| | Ed, Adam, and Robert,
Ed, I'm not sure you solved the problem. Now that you're looking backwards at the end of a life, does it really matter how you lived it? If you were about to die, it probably doesn't matter. If you were still able to live for a few years, you'd probably want the path that put you in the best current situation.
I'm partly messing with you, but partly making what I think is an important point. This kind of hypothetical divorces means from ends, and then asks what kind of means did you prefer? It's hard to give a real answer because there's no known reason for the severing of means from ends. How about if I ask you a question. Would you like to have friends if they just stole from you, insulted you, lied to you, and provided no benefit, and were actually intending to kill you at age 30? Would you rather be left alone and live till 90?
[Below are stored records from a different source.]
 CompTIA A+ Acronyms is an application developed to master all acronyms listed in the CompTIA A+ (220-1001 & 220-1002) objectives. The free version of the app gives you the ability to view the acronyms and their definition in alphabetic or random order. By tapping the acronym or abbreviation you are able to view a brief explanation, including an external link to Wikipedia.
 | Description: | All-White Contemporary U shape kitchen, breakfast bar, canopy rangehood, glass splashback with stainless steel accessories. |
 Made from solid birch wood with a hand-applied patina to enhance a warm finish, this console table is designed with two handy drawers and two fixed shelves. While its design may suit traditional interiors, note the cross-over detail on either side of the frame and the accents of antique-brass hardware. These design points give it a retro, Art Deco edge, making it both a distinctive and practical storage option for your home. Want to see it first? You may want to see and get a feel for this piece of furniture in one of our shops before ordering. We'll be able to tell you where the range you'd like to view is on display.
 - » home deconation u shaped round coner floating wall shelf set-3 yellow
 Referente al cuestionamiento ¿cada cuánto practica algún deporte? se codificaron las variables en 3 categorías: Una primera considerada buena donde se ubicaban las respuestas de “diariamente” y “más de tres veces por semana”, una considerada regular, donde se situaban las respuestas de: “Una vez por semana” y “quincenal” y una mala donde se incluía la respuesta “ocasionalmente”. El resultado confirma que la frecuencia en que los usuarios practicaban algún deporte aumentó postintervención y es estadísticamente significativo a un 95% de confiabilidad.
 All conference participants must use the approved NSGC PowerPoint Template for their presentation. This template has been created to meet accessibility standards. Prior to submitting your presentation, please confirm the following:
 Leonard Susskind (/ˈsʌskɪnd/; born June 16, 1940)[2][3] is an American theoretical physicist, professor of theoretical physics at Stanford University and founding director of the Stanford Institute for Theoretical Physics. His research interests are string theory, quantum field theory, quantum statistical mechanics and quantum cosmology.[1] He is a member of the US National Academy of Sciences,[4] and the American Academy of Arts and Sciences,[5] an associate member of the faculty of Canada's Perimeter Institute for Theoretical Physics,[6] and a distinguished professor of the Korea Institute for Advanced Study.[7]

Also, I don't think it's correct to say that you first meet basic survival needs, and then you can start working on flourishing. There's no fundamental distinction as far as I see. As you work on second-order values, those values allow you to better meeting those basic survival needs. Getting food for the day may be basic survival, but isn't getting a job and the skills necessary to do the job still aimed at survival? I wrote an article "Human Needs" I think it was called. It makes my point.
Adam, I'm a little confused by your statement. Are you suggesting that surviving and flourishing are not alternatives (they're the same)? Or are you suggesting there's a third alternative? I think the barometer argument ties in with the "survival" position, connecting happiness to how well you are living.
Robert, if practical wisdom means learning the science/art of putting your principles into action in an effective way, I don't see it as incompatible with survival. But if it's intended to somehow solve the epistemological issues related to having a vague standard of morality, or worse, a way to solve the problem of multiple intrinsic values (like the components of the good life), I think it fails.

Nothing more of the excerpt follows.